Although we refer to our abatement assumption as ambitious, some studies demonstrate significantly greater efficacy for certain technical abatement measures, far exceeding the 30% benchmark. For instance, red seaweed has exhibited an exceptional ability to reduce enteric CH4 emissions, with some early upper-end studies reporting over 80% CH4 mitigation53,54. However, these results may be overly optimistic for achieving a 2050 deadline for a national herd average, with several challenges still to be addressed on feasibility, long-term efficacy, and effects on animal production and health55. Nevertheless, a sensitivity analysis was undertaken on the level of technical abatement on the ability of scenarios to achieve NZ, ranging from 0% to 100%.

Limitations

While the GOBLIN model endeavours to simulate real-world consequences, it is important to acknowledge certain limitations inherent to its design, in addition to those outlined in the Methods Section. The model ran randomised scenarios within predefined parameter boundaries (Table S1); however, it is essential to note that the scope of land use changes was restricted exclusively to positive transformations on spared grassland. Specifically, spared grassland resulting from decreased animal numbers or increased productivity was constrained to either rewetting when on organic soil, afforestation on mineral soil, or preservation as ungrazed grassland. Notably, the model deliberately excluded any possibility of negative land use changes emanating from spared grassland. This design choice aligns with realistic pathways towards NZ based on identified necessary actions2,36, limiting the number of scenarios that would fail to reach NZ, but still constitutes a noteworthy limitation.

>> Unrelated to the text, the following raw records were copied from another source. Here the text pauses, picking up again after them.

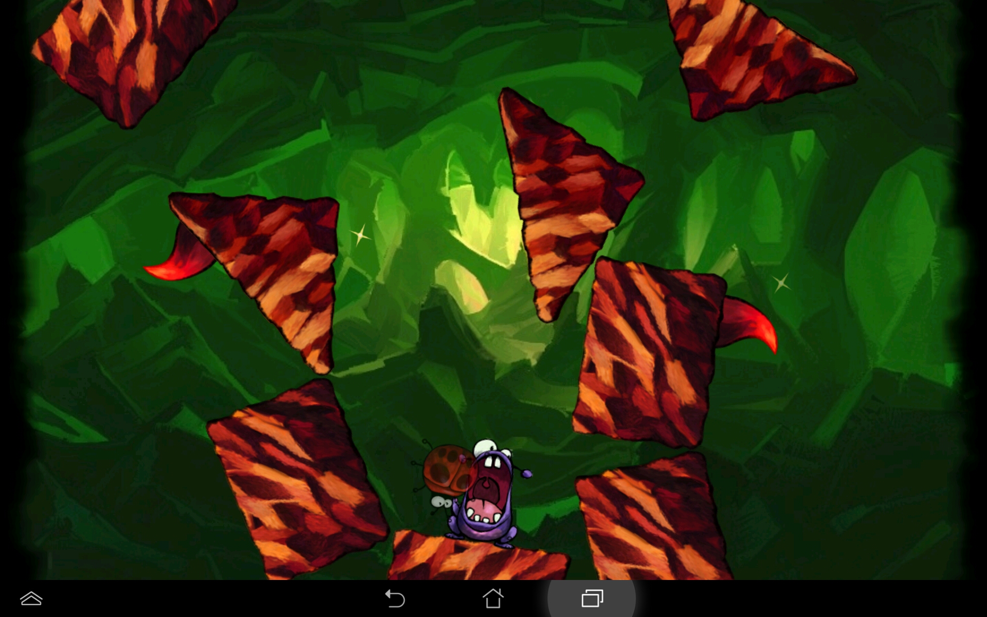 Das machst du geschickterweise mit Hilfe des Neigungssensors deines Smartphones. Apropos geschickt: Ein wenig Geschick ist schon vonnöten, um sich den Weg zum Monster zu bahnen. Schließlich ist er gespickt von Dornen, Sperren und anderen Gemeinheiten. Wie in einem klassischen Kugellabyrinth musst du also den Käfer ganz sachte durch die Monsterhöhle an den Dornen vorbeimanövrieren und auf dem Weg zum Ziel auch noch möglichst alle drei Sterne einsammeln. Und einen Zeitbonus willst du sicher auch einspielen, also darfst du dir nicht beliebig lang Zeit lassen.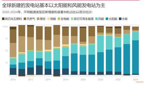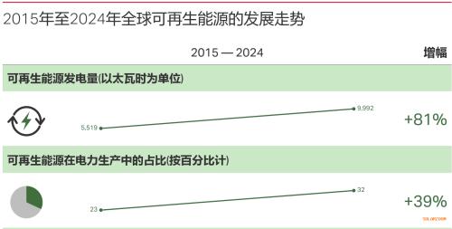 大力投资的结果是,可再生能源在全球电力生产中的占比从2015年的23%上升至2024年的32%。如今,世界范围内超过60个国家一半以上的电力来自于可再生能源。国际能源署预测,截至2030年,可再生能源在全球电力结构中的占比将达到46%。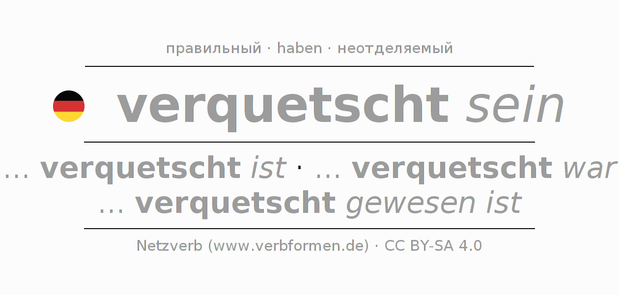 - Презенс: ... ich verquetscht bin, ... du verquetscht bist, ... er verquetscht ist, ... wir verquetscht sind, ... ihr verquetscht seid, ... sie verquetscht sind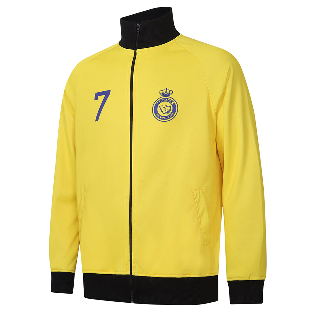 Detta träningsset från Al-Nassr Ronaldo har praktiska fickor med dragkedja på träningsbyxorna och lösa fickor på träningsjackan för extra bekvämlighet. Tillverkat av hållbar polyester behåller detta träningsset sina färger även efter otaliga tvättar. Finns i både barn- och vuxenstorlekar.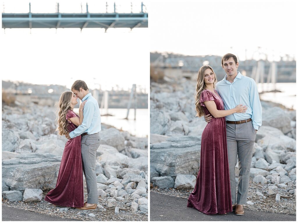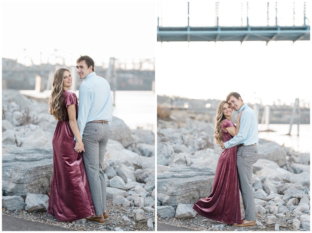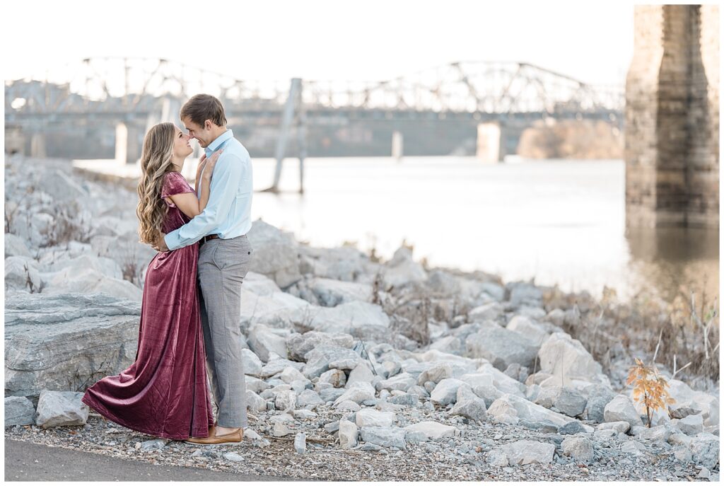 We explored the park together, capturing a mix of cozy and romantic moments, and finished near the river rocks — one of my favorite spots in the area. This George Rogers Clark Park engagement session was the perfect preview of their upcoming fall wedding at The Reverie, and I can’t wait to photograph their big day!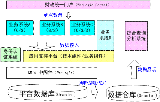 系统实现整合了CA,通过财政管理门户支持单点登录,可以导航到不同构架业务系统(C/S、B/S、C/S/S);对账务系统进行配置,各业务系统通过平台将数据写入平台数据库;所有业务数据经过抽取、清洗和汇总后进入数据仓库,作为综合查询分析系统的数据源。通过平台,实现系统数据规范化与互联互通,不断提高财政系统数据共享、查询、分析与利用效率,完善预算编制与预算执行分析等。通过基于金财工程应用支撑平台一体化建设,打造科学、安全、精细、高效的财政管理应用系统,实现“业务流程一体化、规范化、业务运作信息化、电子支付;系统操作简易化、便捷化;财政管理的科学化、精细化;领导决策的科学化、高效化;财政监督工作的全程化”的目标。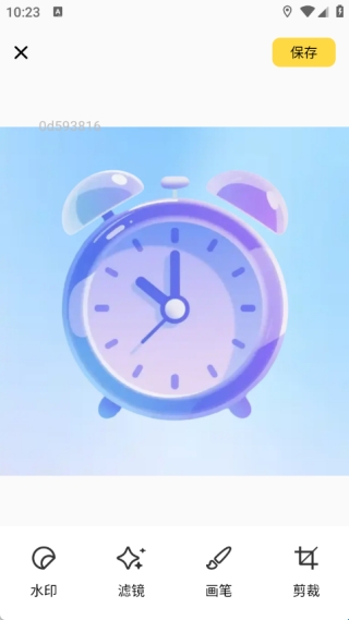 4、在图片编辑页面,可选择水印、滤镜、画笔和剪裁等功能进行图片处理。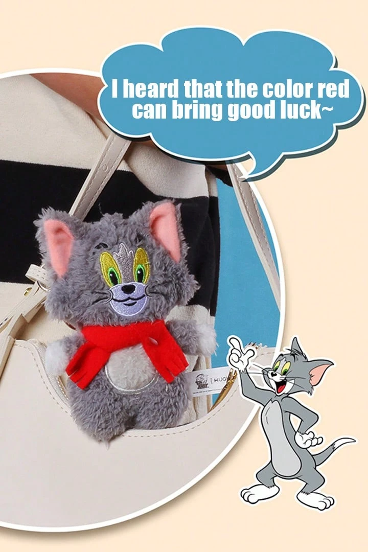 汤姆和杰瑞系列毛绒围巾钥匙扣 - 杰瑞老鼠和汤姆猫设计,带声音 BB 功能,可爱的毛绒饰物,适用于包背包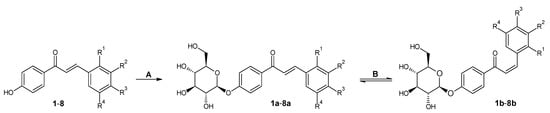 Here, we present the results of our experiments, highlighting the successful synthesis of eight trans-chalcone glycosides. Additionally, we observed an intriguing phenomenon of isomerization during the purification process, leading to the formation of eight cis-chalcone glycosides. These findings underscore the untapped potential of enzymatic biotransformation as a selective and efficient method for the glycosylation of 4′-hydroxychalcones, offering new opportunities for the development of bioactive glycoconjugates with improved pharmaceutical properties.

Additionally, the linear interpolation of scenario values from the baseline year to 2050 may marginally impact definitions influenced by trends, particularly the GWP* definitions. Further, the uncertainty inherent in long-term projections beyond 2050 is underscored by GOBLIN’s assumption of equilibrium AFOLU configurations and static flux factors from 2050 onwards (excluding forest growth-harvest cycles, which are modelled out to 2100). Consequently, many long-term effects, both positive and negative, arising from individual scenarios might be overlooked. There remains a need to consider interaction between land-based CO2 sinks and downstream bioeconomy innovations, especially cascading use of wood culminating in bioenergy with carbon capture and storage that could dramatically extend the longevity of critical carbon sinks. Further GOBLIN model limitations can be found at Duffy et al.6,23.